Rapid microwave-assisted distillation–precipitation polymerization for the synthesis of magnetic molecular imprinted polymers coupled to HPTLC determination of perphenazine in human urine

Abstract

Microwave-assisted distillation–precipitation polymerization (MWDPP) for the synthesis of magnetic molecularly imprinted polymers (MMIPs) under atmospheric pressure is reported. The suggested synthesis methodology is fast and was performed in two steps. In the first step, methacrylic acid (MAA)-coated Fe₃O₄ (Fe₃O₄@MAA) was prepared under a nitrogen atmosphere for about 30 min at 60 °C using a maximum microwave power of 400 W. In the second step, the Taguchi orthogonal array was used to design experiments for optimization of the MMIP's synthesis at 82 °C (500 W), having considered sorption capacity for the template as the response. In Taguchi design, three factors including the amount of Fe₃O₄@MAA, the template to monomer ratio, and the MAA to cross linker ratio at three levels were considered. Under optimal conditions, MMIPs were synthesized in 60 minutes. Different microscopic, spectroscopic, and thermal methods were used to evaluate the MMIPs.
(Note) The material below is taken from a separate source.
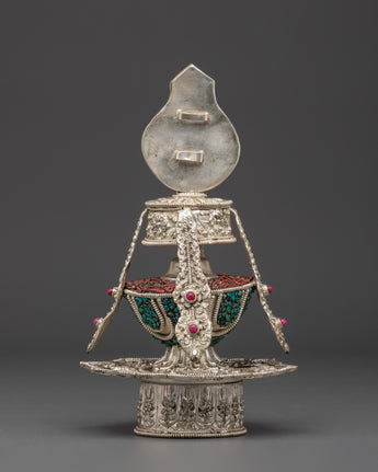 The Handcrafted Copper Life Vase is a remarkable creation made from copper and beautifully embellished with turquoise, ruby, coral, and original stones. Measuring 22 cm in height and 13.5 cm in width, this vase is more than just a decorative item it embodies vitality, protection, and spiritual growth. Rooted in Tibetan ritual tradition, the Life Vase serves as a sacred symbol of life force and the cultivation of positive energies. Its exquisite craftsmanship and meaningful design make it an essential piece for anyone seeking to deepen their spiritual practice or enhance their living space with a powerful, uplifting presence. Elevate your environment and spirit with this unique and inspiring vase.

The results illustrated the formation of mono-dispersed, highly-selective super paramagnetic MMIPs with a mean size of 13 nm, an adsorption capacity of 86.84 mg g⁻¹, and an imprinting factor of 5.39 with fast adsorption and desorption kinetics for perphenazine (PPZ) as the template. Finally, the as-prepared MMIPs were used for pre-concentration and cleanup of PPZ in urine, without any treatment, coupled to high performance thin layer chromatography equipped with a photodiode array detector (HPTLC-PDA). Under optimized conditions, the calibration curve was linear in the range of 2.5–50 ng spot⁻¹ (R² = 0.9938) with the detection limit of 0.56 ng per spot⁻¹. Parameters affecting the analytical performance of HPTLC were also optimized. A correction factor was introduced and compared with the internal standard to improve the precision and reliability of the HPTLC results. Spiked urine samples were analyzed after preconcentration. The HPTLC-PDA results were in good agreement with the corresponding high performance liquid chromatography coupled with photodiode array detection (HPLC-PDA) as a standard method.